Number of suspected terrorist entering Germany as refugees doubles

The German federal police agency, the Bundeskriminalamt (BKA), said it is investigating the possible arrival of forty Islamist militants among more than 1.1 million refugees who have entered the country during since the beginning of 2015.

The BKA said it had received 369 reports of possible extremists and found that forty of the cases required more investigation.

This is an increase relative to numbers the BKA released in January, when eighteen investigations were found to be warranted after 213 warnings had been received.

“German security officials have indications that members and supporters of terrorist organizations are being smuggled in with refugees in a targeted, organized way in order to launch attacks in Germany,” a spokesperson for the BKA said.

“More attacks by Islamist terror cells cannot be ruled out.”

The Globe and Mail reports that several of the terrorists who carried out the November 2015 Paris had passed through Germany on their return from Syria, travelling on fake documents.

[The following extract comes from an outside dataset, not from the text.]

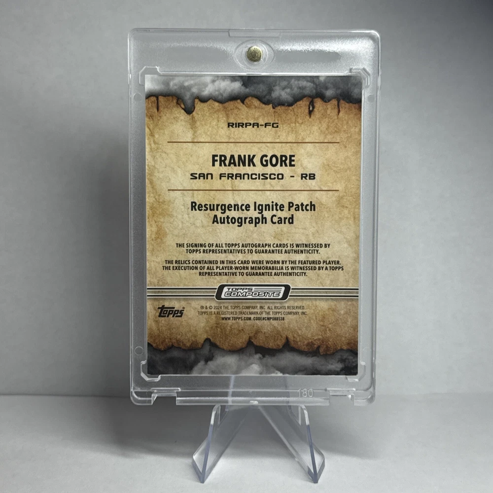 This 2024 Topps Chrome Football card features an autographed patch of Frank Gore, a former player of the San Francisco 49ers. The card is part of the Ignite collection and is serial numbered out of 149. It is a near mint or better card and has not been graded. The card is a sports trading card with a parallel/variety of patch and features an insert. It is manufactured by Topps and has the card number RIRPA-FG. The card is from the 2024 season of the National Football League (NFL) and is a must-have for collectors who are fans of Frank Gore or the San Francisco 49ers.
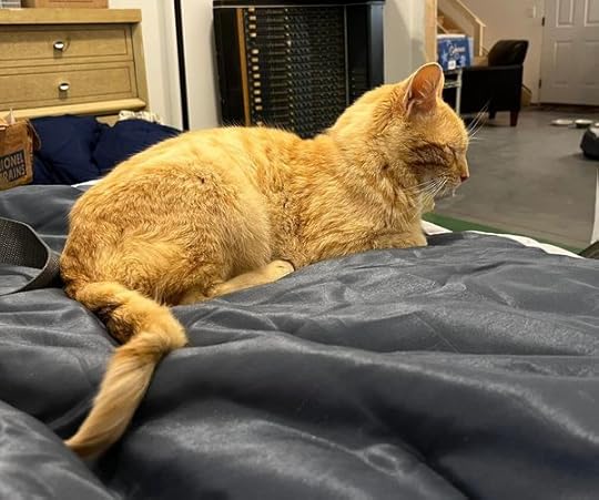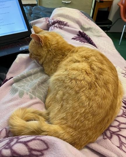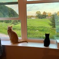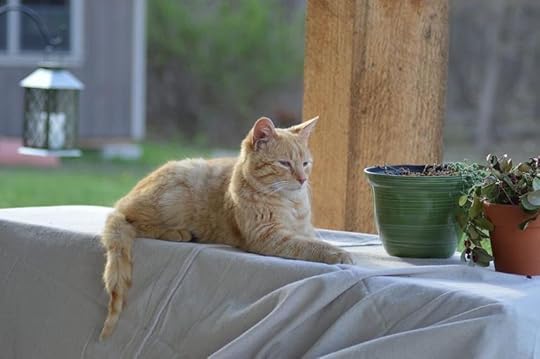 The first visit to the vet determined that Cheddar has a few health issues, all which can be fixed with medication. He’s taking his medicine with no complaints and is a very well-behaved indoor cat now. This makes us think ever more that he was house cat from the start. He’s settling in well, and I am just overjoyed to have a sweet cat to hang out with when I’m at the farm working. I write at the farm most days now.

French investigators say that two more jihadists were supposed to join the terrorists but were prevented from reaching Paris after being detained for questioning at a refugee center in Austria.

Salah Abdeslam, who is now in French custody, picked up one of terrorists in the southern German city of Ulm in October last year. He drove to Ulm with Osama Krayem, who faces charges in Brussels for his involvement in both the Paris and Brussels attacks.

Several suspected Islamists have been arrested in Germany since the Paris and Brussels attacks.

Hans-Georg Maassen, the head of Germany’s domestic intelligence agency (BfV), said ISIS was attempting to “send a political signal” by using the refugee route to stoke fears and mistrust in Europe.

“I am not telling you a secret when I say that I am concerned about the high number of migrants whose identities we don’t know because they had no papers when they entered the country,” he said.

The number of refugees entering Germany peaked at more than 10,000 a day last autumn, but has since dwindled to a trickle as a result of the closing of the Greek border with Macedonia and a deal between the EU and Turkey.

Some 800 Germans are believed to have joined ISIS as foreign fighters.